GOAL OF THE EXERCISE
When you copy the listing, skip the images and return each line verbatim.

RECORDED DATA
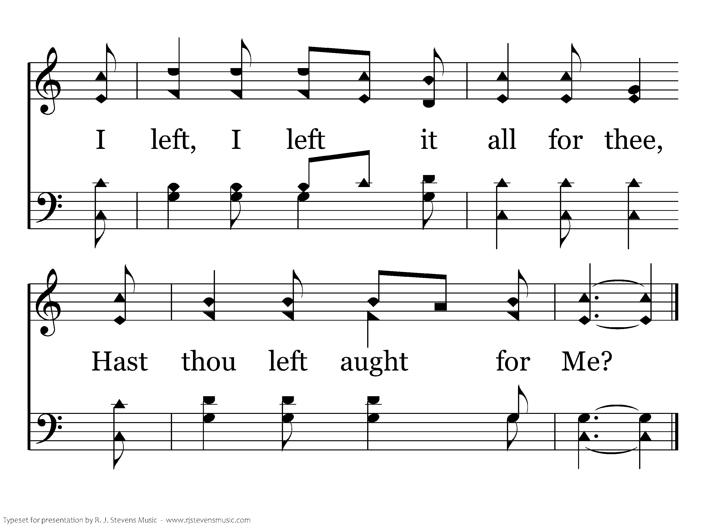 My Father's house of light, My glory'circled throne, I left for earthly night, For wandring sad and lone; I left, I left, it all for thee hast thou left ought for Me? I left I left it all for thee, hast thou left ought for Me?
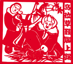 此外,撫順滿族剪紙在畫面上還經常結合滿文,使不同的人物、情節(jié)都凝固于畫面,豐富了作品的敘事內容。這種圖文并茂的剪紙造型,也是其一大亮點。
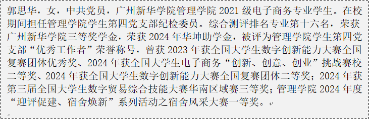 郭思华同学作为新时代新青年,怀揣着能够将个人力量汇聚于国家需要的科技方向。因此,她在个人成长道路上不断努力,专注于提升科技创新能力。她积极参与各类创新创业大赛,坚持理论与实践相结合,不仅自己不断学习进步,还鼓励并带动周围的同学一同提升创新精神和实际操作能力。

RESULT OF THE EXERCISE
 My Father's house of light, My glory'circled throne, I left for earthly night, For wandring sad and lone; I left, I left, it all for thee hast thou left ought for Me? I left I left it all for thee, hast thou left ought for Me?
 此外,撫順滿族剪紙在畫面上還經常結合滿文,使不同的人物、情節(jié)都凝固于畫面,豐富了作品的敘事內容。這種圖文并茂的剪紙造型,也是其一大亮點。
 郭思华同学作为新时代新青年,怀揣着能够将个人力量汇聚于国家需要的科技方向。因此,她在个人成长道路上不断努力,专注于提升科技创新能力。她积极参与各类创新创业大赛,坚持理论与实践相结合,不仅自己不断学习进步,还鼓励并带动周围的同学一同提升创新精神和实际操作能力。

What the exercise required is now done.